__AVAILABLE DATA__
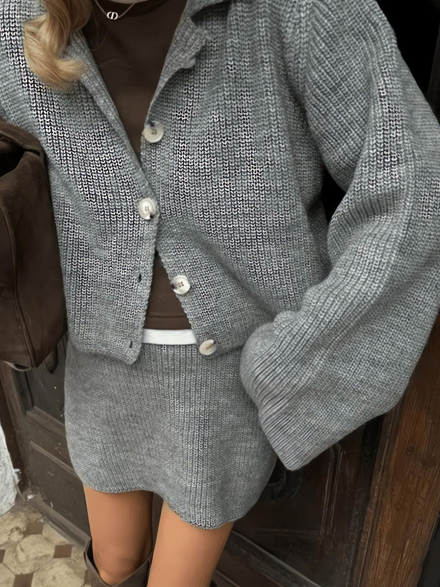 The Preppy Knitted Cardigan & Mini Skirt Two Piece Set is a perfect blend of comfort and style. This outfit features:
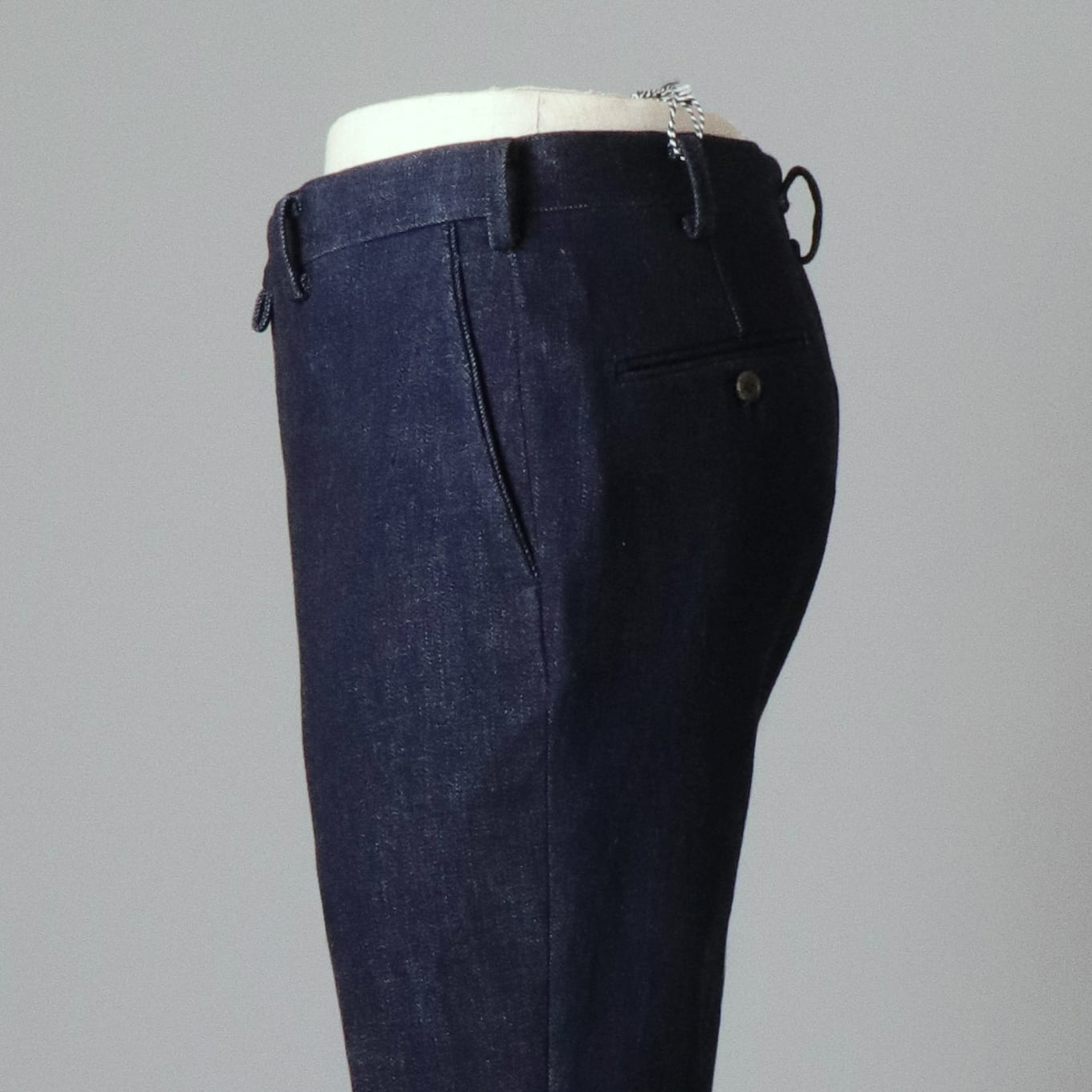 This 13oz organic cotton selvedge denim is produced by Japan Blue, a textile manufacturer based in Kojima, Kurashiki—renowned for crafting fabrics for brands such as Momotaro Jeans.
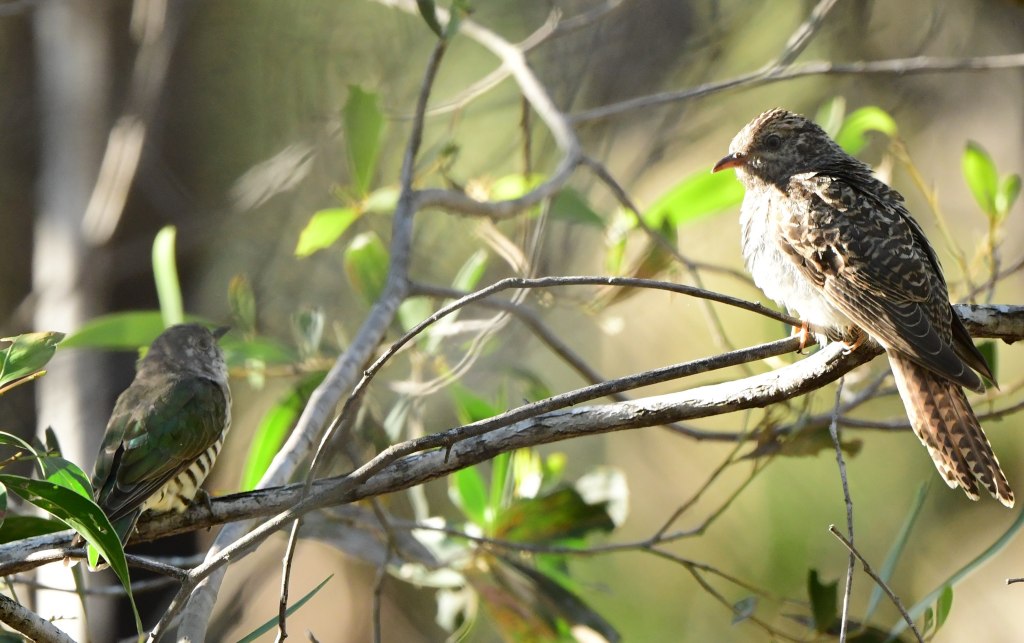 Even better was to come – back where the Brush Cuckoo was hanging out before, it was still there and had been joined by a Shining Bronze-Cuckoo – on the same branch! Despite the glare of the stronger morning sun and the back-lit lighting, I’m not sure I’ll ever get a shot like that again.
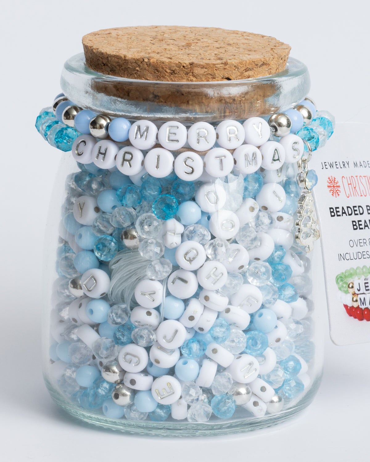 Frosty Blue and Metallic Silver Letter Christmas DIY Bead Jar

__AIM OF THE EXERCISE__
Any picture found in the data is to be skipped while the rest is copied exactly.

__WRITTEN ANSWER__
 The Preppy Knitted Cardigan & Mini Skirt Two Piece Set is a perfect blend of comfort and style. This outfit features:
 This 13oz organic cotton selvedge denim is produced by Japan Blue, a textile manufacturer based in Kojima, Kurashiki—renowned for crafting fabrics for brands such as Momotaro Jeans.
 Even better was to come – back where the Brush Cuckoo was hanging out before, it was still there and had been joined by a Shining Bronze-Cuckoo – on the same branch! Despite the glare of the stronger morning sun and the back-lit lighting, I’m not sure I’ll ever get a shot like that again.
 Frosty Blue and Metallic Silver Letter Christmas DIY Bead Jar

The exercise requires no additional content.